--- EXCERPTED RECORDS Enclosed Below ---
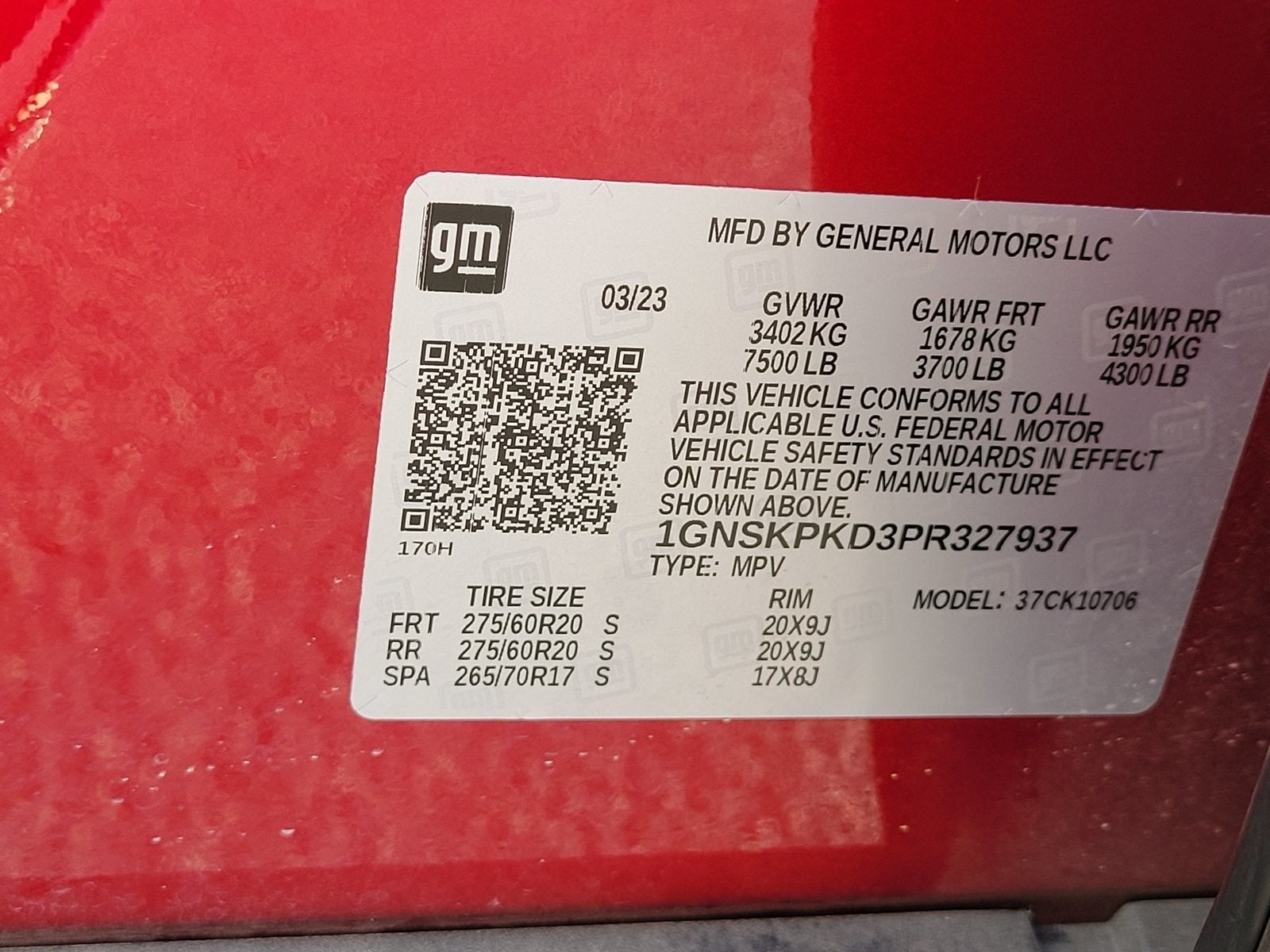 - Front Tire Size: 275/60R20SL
--- End of Enclosed EXCERPTED RECORDS ---
--- EXCERPTED RECORDS Enclosed Below ---
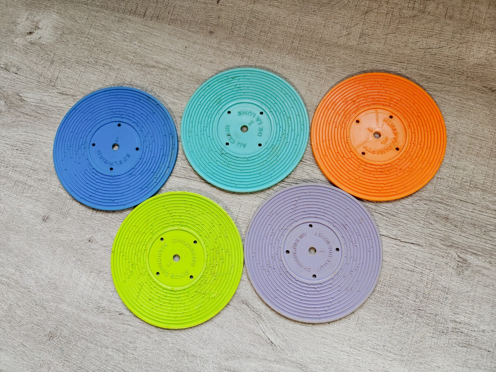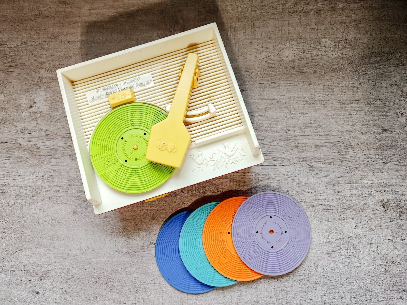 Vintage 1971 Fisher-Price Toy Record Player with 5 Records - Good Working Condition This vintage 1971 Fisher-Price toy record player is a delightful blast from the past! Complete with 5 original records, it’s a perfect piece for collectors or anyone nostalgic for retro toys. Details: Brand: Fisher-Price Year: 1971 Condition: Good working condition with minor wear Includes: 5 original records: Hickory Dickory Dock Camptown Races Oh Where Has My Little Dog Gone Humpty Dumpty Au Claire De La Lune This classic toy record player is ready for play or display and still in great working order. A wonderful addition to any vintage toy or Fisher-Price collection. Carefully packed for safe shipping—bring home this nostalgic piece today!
--- End of Enclosed EXCERPTED RECORDS ---
--- EXCERPTED RECORDS Enclosed Below ---
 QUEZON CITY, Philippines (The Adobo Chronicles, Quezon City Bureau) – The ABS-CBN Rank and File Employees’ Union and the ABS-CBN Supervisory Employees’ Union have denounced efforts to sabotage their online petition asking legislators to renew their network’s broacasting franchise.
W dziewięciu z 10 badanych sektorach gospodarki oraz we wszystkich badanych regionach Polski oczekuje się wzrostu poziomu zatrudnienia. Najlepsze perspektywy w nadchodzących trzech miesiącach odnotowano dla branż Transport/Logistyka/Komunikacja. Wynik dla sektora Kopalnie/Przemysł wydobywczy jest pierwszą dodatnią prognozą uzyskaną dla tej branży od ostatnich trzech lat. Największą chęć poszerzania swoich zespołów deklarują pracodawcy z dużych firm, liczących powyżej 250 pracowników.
--- End of Enclosed EXCERPTED RECORDS ---
=== EXERCISE AIM ===
Where the listing above has a line with "QUEZON CITY, Philippines", start there, and output every line exactly through the line with "W dziewięciu z", which is also included.

=== REPLY ===
 QUEZON CITY, Philippines (The Adobo Chronicles, Quezon City Bureau) – The ABS-CBN Rank and File Employees’ Union and the ABS-CBN Supervisory Employees’ Union have denounced efforts to sabotage their online petition asking legislators to renew their network’s broacasting franchise.
W dziewięciu z 10 badanych sektorach gospodarki oraz we wszystkich badanych regionach Polski oczekuje się wzrostu poziomu zatrudnienia. Najlepsze perspektywy w nadchodzących trzech miesiącach odnotowano dla branż Transport/Logistyka/Komunikacja. Wynik dla sektora Kopalnie/Przemysł wydobywczy jest pierwszą dodatnią prognozą uzyskaną dla tej branży od ostatnich trzech lat. Największą chęć poszerzania swoich zespołów deklarują pracodawcy z dużych firm, liczących powyżej 250 pracowników.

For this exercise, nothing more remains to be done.